Capitoline Hill Rome
Two sets of steps lead to the top of the Capitoline Hill. The steps leading up to the Piazza del Campidoglio are known as the Cordonata. To the left of these steps is another set of steps leading up to the Santa Maria in Aracoeli church.
Michelangelo himself was responsible for the beautiful Piazza del Campidoglio at the top of the Capitol Hill. In the center of this square stands an equestrian statue of Marcus Aurelius.
Even today the Campidoglio still houses the seat of Rome’s city council, in the form of the Palazzo Senatorio. This is the central one of the three buildings flanking the Piazza.
The other two are the Palazzo Nuovo en the Palazzo dei Conservatori. Together these two buildings form the seat of the Capitoline Museums.

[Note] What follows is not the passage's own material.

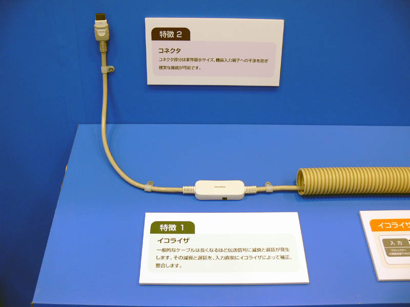 HOME > ニュース > AV&ホームシアターニュース <CEATEC2006:エイム電子>30mの長尺を実現したイコライザー付きHDMIケーブルを展示 2006年10月05日 前の写真へ 次の写真へ コネクターは業界最小サイズ。ケーブル径も細く、柔軟性があるので配線に便利だ 前の写真へ 次の写真へ この写真の記事へ 関連リンク Phile-web CEATEC関連ニュース一覧 CEATEC公式サイト

They are connected by the Tabularium, a hallway underneath the Palazzo Senatorio.
On the north side of the hill the Monument for Victor Emmanuel towers above the Piazza Venezia and most of the rest of the city.
On the south side of the Capitol Hill is the Tarpeian Rock. Traitors were thrown from this steep cliff in ancient Roman days.
The ruins to the left of these steps belong to an ancient Roman insula (a sort of apartment block).
Not much is left of the Temple of Jupiter. The ruins are located behind the Palazzo dei Conservatori, but cannot be visited.